Information shown:
[Start of Attachment]

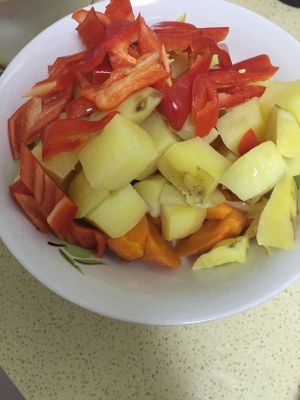 土豆和胡萝卜切块放微波炉里高温十分钟,红辣椒切菱形备用(红辣椒不需要用微波炉加热)
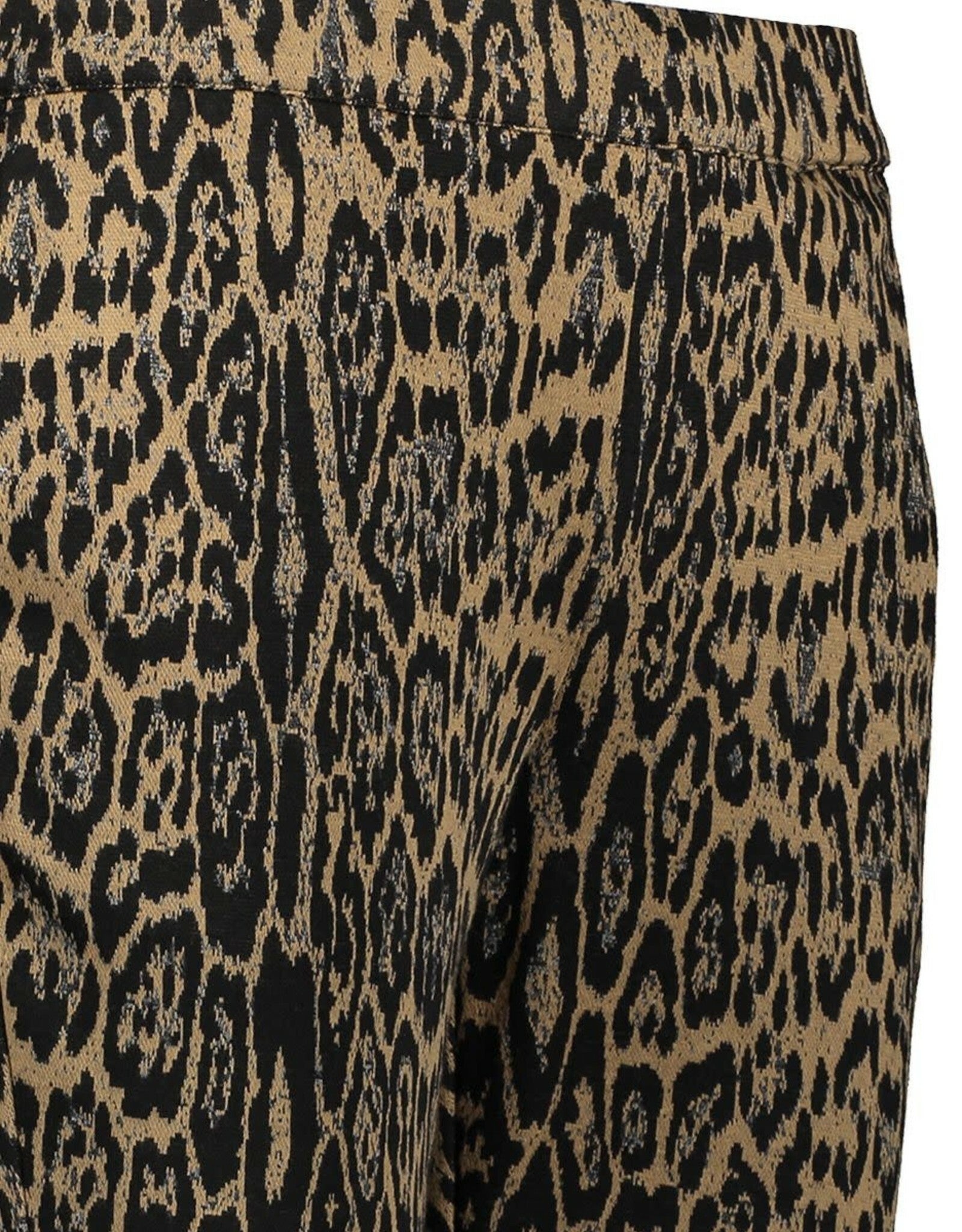 Stoere broek in luipaarddessin. De broek heeft een strakke pasvorm. Materiaal : 87% polyester, 12% rayon, 1% elastaan
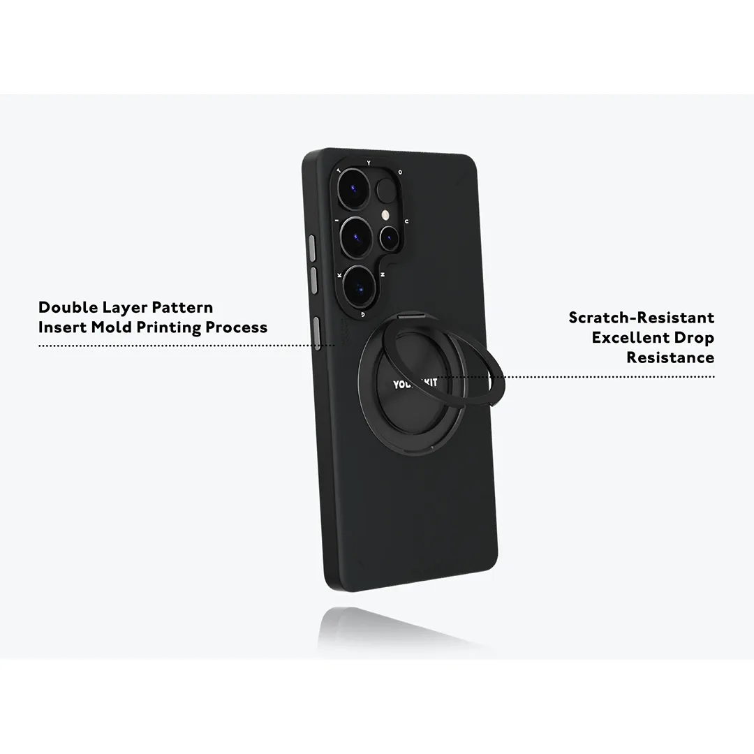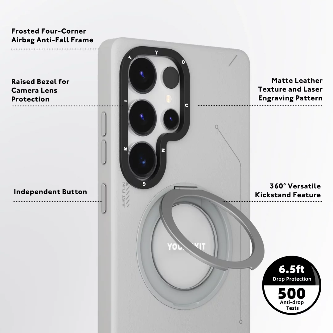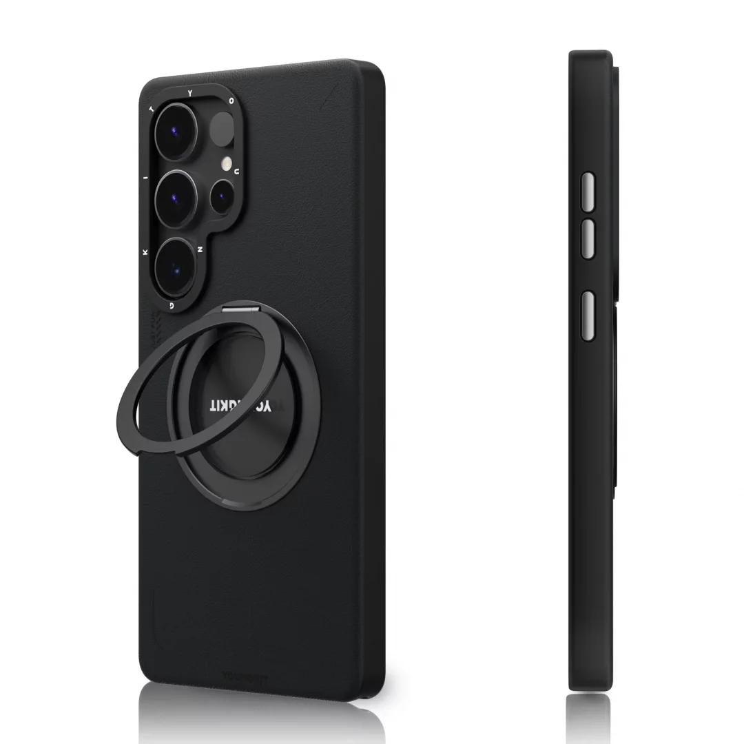 YOUNGKIT Leather 360° Spin Rotation Ring Stand MagSafe Case For Samsung S25 Ultra Original
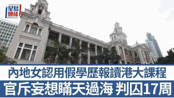 据报道,一名来自中国内地的女生因父母通过中介伪造美国学历申请香港大学,最终被判刑17周。

[End of Attachment]

Word for word, output the lines from the beginning of the listing through the line holding "YOUNGKIT Leather 360°" and nothing beyond them. Omit the pictures.

 土豆和胡萝卜切块放微波炉里高温十分钟,红辣椒切菱形备用(红辣椒不需要用微波炉加热)
 Stoere broek in luipaarddessin. De broek heeft een strakke pasvorm. Materiaal : 87% polyester, 12% rayon, 1% elastaan
 YOUNGKIT Leather 360° Spin Rotation Ring Stand MagSafe Case For Samsung S25 Ultra Original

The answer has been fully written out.